RTÉ’s latest annual report shows an improved financial position but also highlights the continuing difficulties facing the national broadcaster.
It recorded a surplus before tax of €63.5 million for 2017, thanks to a €107.5 million sale of eight acres of land at Montrose to Cairn Homes.
Excluding the land sale and other exceptional items, RTÉ made a loss of €6.5 million in 2017, down from €19.4 million a year earlier.
The downward pressure on commercial revenue continued, reducing by €6.7 million to €151.5 million. On the plus side, licence fee revenue rose by €7 million to €186 million.
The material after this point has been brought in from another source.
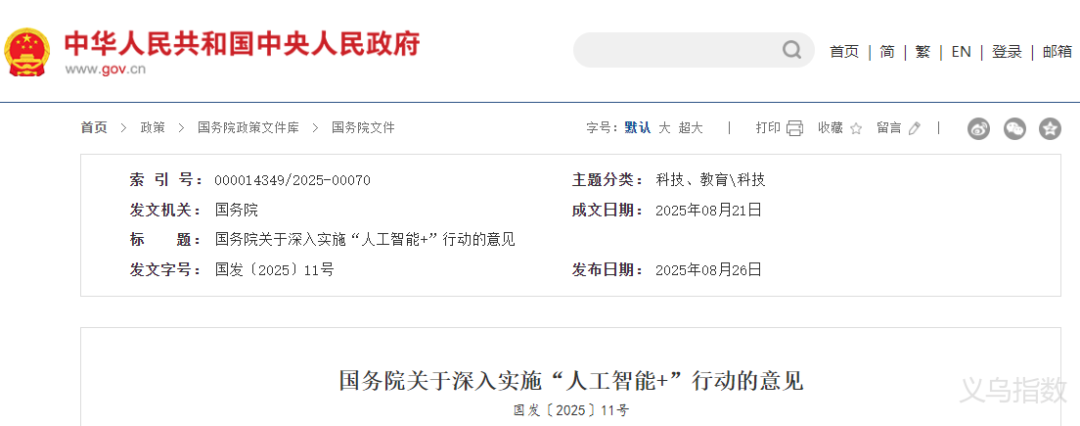 6.国务院印发《关于深入实施“人工智能+”行动的意见》
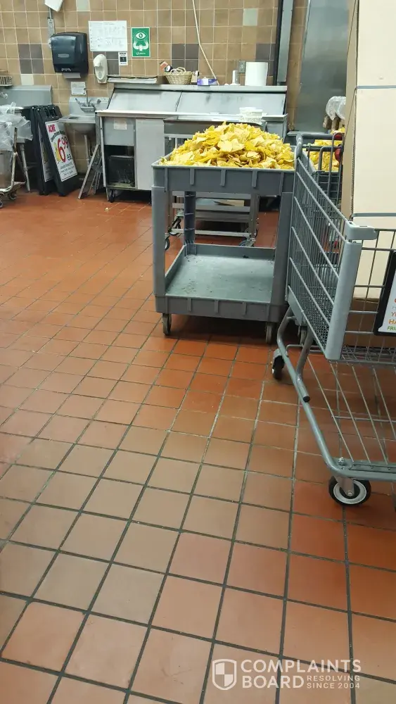 Good afternoon. I am a frequent visitor to the Acme in Easton MD. On Friday morning, I went to get some food from the deli and witnessed a very dirty and concerning kitchen. One of the deli workers wheeled out two very dirty carts filled with tortilla chips. There was no cover on them and the bottom of the cart was filthy. The floor was gross and the background appliances were horrendous as well. I have attached a picture. I will not be shopping here again anytime soon unless this issue is addressed.

This was largely due to €6 million in additional public funding announced by the Government in Budget 2017.
There was also extra income from new household formations, and some increased activity to tackle licence fee evasion.
RTÉ estimates evasion rates at 15 per cent, costing it €50 million in lost income. More worryingly, the number of households without a traditional television set is increasingly steadily – it was 9.1 per cent at January 2018.
This is the impact of streaming services such as Netflix and the increasing use by viewers of laptops and personal devices to view content. It is a trend that is likely to continue .
Minister for Finance Paschal Donohoe also allocated an additional €1.5 million to RTÉ in Budget 2018 and the broadcaster will no doubt be hoping that another increase might come its way in October's budget to help it fund its public service obligations.
RTÉ could certainly do more to trim excess fat from the organisation (its employee numbers last year were higher than in 2012 in spite of various redundancy programmes in the meantime) and to maximise its return from what is a hugely valuable landbank in Donnybrook.
But it also needs the Government to push through a licence fee increase (there hasn't been one since early 2008) and to pressure An Post to up its game on evasion, or replace it with the Revenue Commissioners.